What is the intuition for the rule np>=10 , n(1-p) >=10 ?

Think about the edge case of `p = 0.1`, then `n * 0.1 >= 10` i.e. `n >= 100` - so, if your probability parameter is around `10%` then you would need at least 100 samples before the SD is so tight that it (i.e. the left side) gets mostly captured in the `[0-0.1]` interval

In the first example, how could we tell which way it was going to be skewed?

Someone correct me if I'm wrong. The mean of the sampling dist is p (population proportion). If your sampling dist is indeed skewed, then when p is closer to 0 than 1, the top of the distribution "hump" will be closer to 0 than to 1, so it will be skewed to the left, and vice versa.

So as n increases, even very low or very high values of p start to produce normal sampling distributions? Are normal distributions impossible if n < 10?

As for your first question, you might be interested in this video by _jbstatistics_ on YT: https://www.youtube.com/watch?v=fuGwbG9_W1c. The part 6:45~7:57 graphs the sample distribution of sample proportion with p=0.04 and increasing n, and the part 8:15~8:52 does the same thing except with p=0.96. That might answer your question. As for the second question: First, I think the 10 is more of an arbitrary value than an actual rule. That's because it's quite subjective whether a graph with lower (np) and/or n(1-p) is normal or not (i.e., the video I linked for your first question gives 15 instead of 10 as in this video.) Secondly though, as you can see in the video on youtube, if your np or n(1-p) takes on small values, a part of your otherwise quite normal histogram gets cut off at zero. Higher np or n(1-p) values kind of makes the distribution skinnier and therefore prevents the cutoff. I know your question was posted six months earlier, but hopefully this answers your question if you are still confused with it.

what does np represent?

That's a good question! np is the population mean of a binomial distribution. Where n is the sample size, and p is the probability of success. Since it's a binomial variable, the probability of success is constant.

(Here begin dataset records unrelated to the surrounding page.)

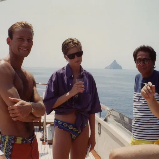 К 1990-му году принцесса Диана уже жила отдельно от мужа и едва ли ее жизнь была похожа на бесконечные страдания нелюбимой женщины. Леди Ди, безусловно, переживала из-за своего неудачного брака, но это не мешало ей развлекаться. Невестка королевы Великобритании отправилась на каникулы в Италию, чтобы развеяться и прийти в себя. Компанию в той поездке ей составил сооснователь дома Valentino Джанкарло Джаммети и болгарский князь Кирилл Преславский. Мистер Джаммети предался ностальгии и выложил в своем Инстаграме (Социальная сеть признана экстремистской и запрещена на территории Российской Федерации) раритетные снимки, сделанные в то время.
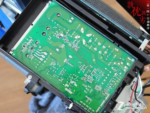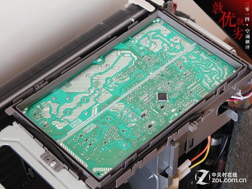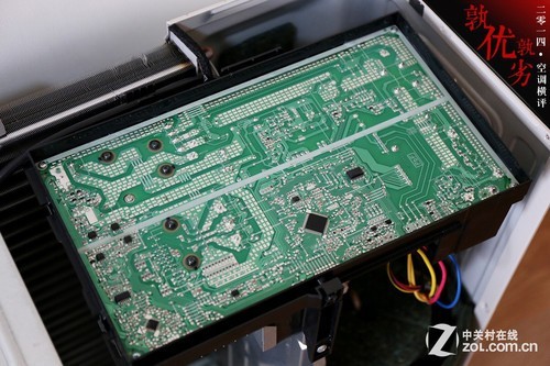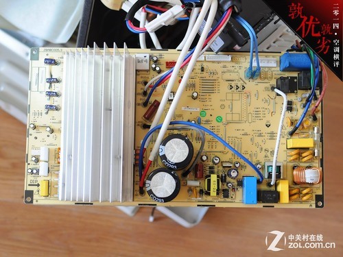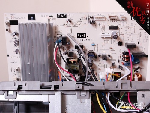 三 菱重工SRCMB35HVBG变频空调采用了宽大的机顶设计,配有独立的电路盒,电路盒为金属用料,同时电路盒顶部配有软性材料,与机顶盖接触,一定程度 上减少机身共振。延续了三菱重工在电路方面设计的方式,宽大的电路板优化了PCB的设计难度,高压区与低压区控制电路采用分开的设计方式,降低电路间的串 扰,提高空调运行的稳定性。
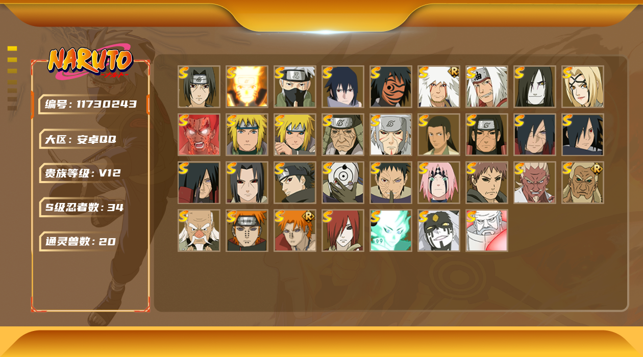 [11730243]V12 34S忍 48A忍 20通灵 1089.7W战力 可二次 可修改实名 优质装备:熊猫,千手柱间「秽土转生」,罗砂「四代目风影」,宇智波鼬「秽土转生」,佩恩·天道「超」,宇智波斑「秽土转生」,艾「三代目雷影」,宇智波斑 「木叶创立」,千手扉间「秽土转生」,纲手「百豪」,波风水门「秽土转生」,猿飞日斩「秽土转生」,长门「秽土转生」,宇智波鼬「秽土转生」,迈特凯「死门」,宇智波带土 「忍界大战」,“宇智波斑” 「白面具」,漩涡鸣人 「九喇嘛连结」,大筒木金式「博人传」,春野樱 「忍界大战」,神秘面具男 「红夜之刃」,宇智波佐助「永恒万花筒」,千手柱间·木叶创立,宇智波斑「秽土转生·解」,大筒木桃式,艾「忍界大战」,宇智波止水「须佐能乎」,旗木卡卡西「须佐能乎」,大筒木舍人 「最终章」,自来也 「传说中的三忍」 S级忍者:大野木 「忍界大战」,自来也 「舞之豪杰」,宇智波鼬 「须佐能乎」,佩恩「天道」,波风水门,大蛇丸 1
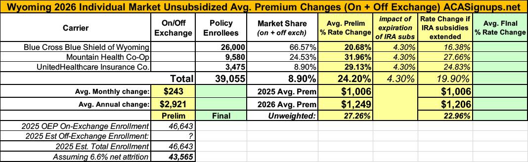 It was just a couple of weeks ago that the official (if preliminary) 2026 ACA individual market rate filings for Wyoming insurance carriers went live on the federal rate review website.

Why do the conditions need to be n*p > 10 and n * q > 10? I thought that n > 30 is what it needs to be in order for any sample distribution of sample statistic to be normally distributed according the central limit theorem. So, The sample distribution of the sample means will be normally distributed if n > 30. The sample distribution of the sample proportions will be normally distributed if n > 30? Am I not correct about this? What am I missing?

The conditions n*p > 10 and n*q > 10 ensure that p is not too close to 0 or 1. For any given value of n, if p is too close to 0 or 1, then the distribution of the number of successes in a binomial distribution with n trials and success probability p would be significantly asymmetric about its mean (and so significantly non-normal).

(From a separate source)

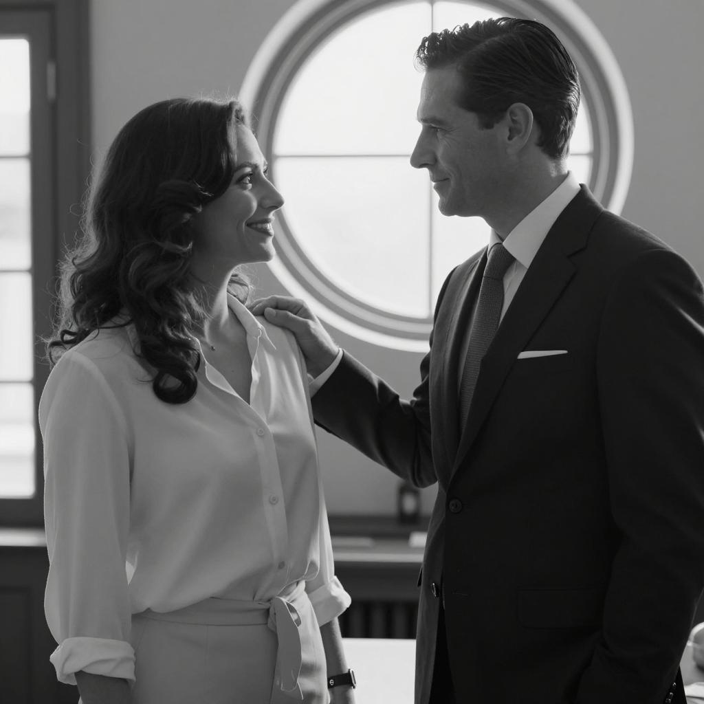 Black-and-white photograph of a man and woman in close profile. Woman on left, short wavy hair, light-colored dress. Man on right, slicked-back hair, dark suit, white shirt. Intense expressions, faces close. Blurred background, indistinct figures.
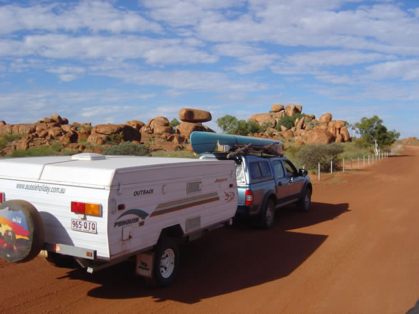Devils MarblesWe drove to the Three Ways then headed south to Tennant Creek. This is the best spot around here to fill up with petrol. We visited the Old Mine Information Centre which had lots of interesting information about the mining here and quite a good view of the area. We then headed further south to Devils Marbles National Park. Previous | Album | Next |

If we already know the true population proportion, why are we interested in calculating a sample proportion? We are using the "true" population proportion to validate the normal distribution of the sample, but then why not just work with the (known to be accurate) population data? Why bother with sampling at all in this case?

In short, if the sampling distribution is approximately normal, then we can calculate how likely it is for a sample proportion to deviate from the population proportion by a certain number of standard deviations. In later lessons we will use this to figure out how likely it is that the population proportion is what it is said to be.

For these examples, we know that the sample size is 50 and 125 respectively, but what about the number of samples (each of which consists of 50 or 125 in this case) taken? Obviously, the more the number of samples, the smoother the curve, so it's implicitly assumed that they take many samples (of 50 or 125)?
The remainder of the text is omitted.